Mapping inequality
For this project I decided to look at Mapping Inequality, made by Robert K. Nelson and others. The project itself is a text and map based website designed to educate on redlining in America. The site has many different pages which provide more information and teaching material regarding redlining. On top of this, and maybe the most interesting part of the site, is the interactive map. Starting from a country wide view you are able to zoom in on different higher populated areas. A interactive graphic then appears which allows you to look at specific counties and provides information. It gives a detailed excerpt about the current state of the county with information about diversity, income, and development.

Sources / Contributors
This DH projects has a large amount of contributors and sources as well as being the second iteration of the site. Just to name a few: Robert K. Nelson, development of the web application; Justin Madron and Riley Champine, creation and management of the spatial data for the project; Chad Devers, web designed; Nathaniel Ayers, created spatial data; Annie Evans, creation of K-12 learning resources; LaDale Winling; editor for the introductions (with scholars); Reagan Tobias, Cassandra Cogan, and Jared Kimball, general work. On top a sleuth of experts in each field, they were able to work with MapBox to create the interactive map.

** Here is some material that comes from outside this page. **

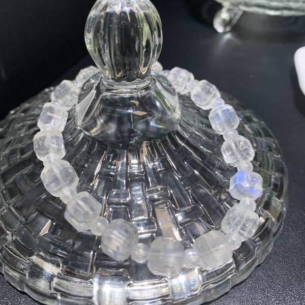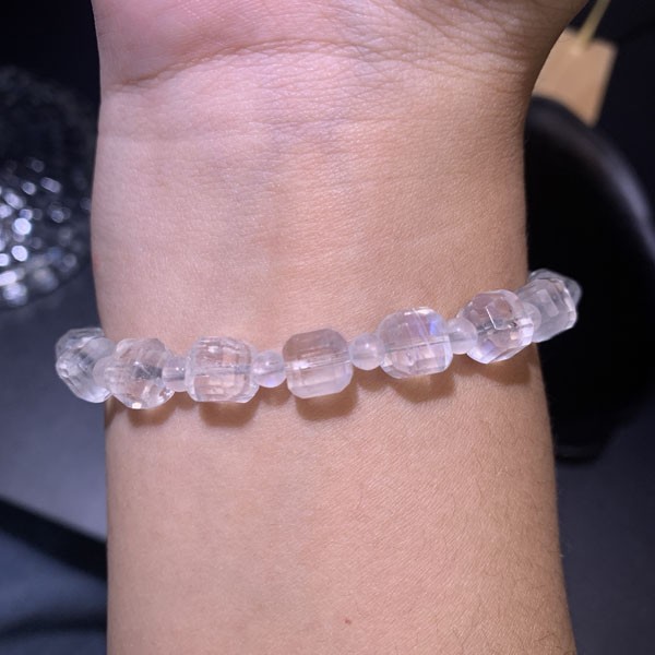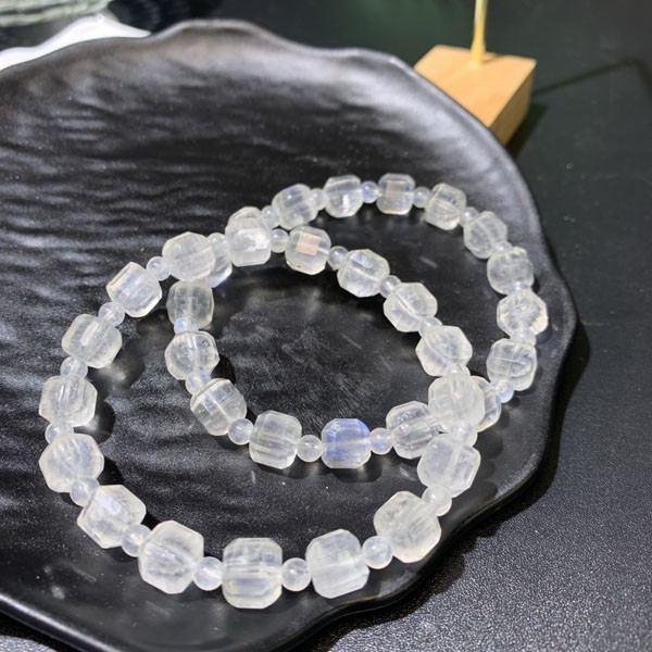 Blue Moonstone cube bead single-loop bracelet stabilizes mood and relieves anxiety.
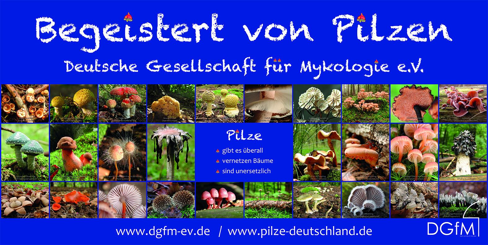 Beim letzten Treffen des Fachausschusses Nachwuchs im Kräuterdorf Nagel haben die Mitglieder unseres FA auf dem Kräuterfest eine Pilzausstellung für die DGfM organisiert. Dabei ist die Idee für ein Banner enstanden, damit bei Veranstaltungen schon von weitem zu sehen ist: Hier geht es um Pilze.

A startup AI map company which generously donated data and viewers to be incorporated into the application.
Process / Presentation
The application was built with the contribution of many people focusing on specific aspects of the webpage. The interactive viewer works through an API to MapBox hosted on AWS web services which dynamically loads content to the viewer. A different server endpoint, https://dsl.richmond.edu/, stores the data related to other pages and county descriptions. This is most likely data purely created by the DH team, not MapBox. This does leave me with some questions. Does MapBox save redlining statistics? The map viewer color codes areas based on different metrics which I would assume is data gathered by the DH team. Although, most map functionality is through MapBox which leads me to wonder how much data the MapBox and DH team are sharing.
These two data sources provide full functionality for the site, both the map viewer and educative content. The separation of this data is intuitive for the desired audience. It allows users to learn about redlining in a more structured educational format as well as exploratory learning through the map viewer. This allows for use in educative institutions and general use cases.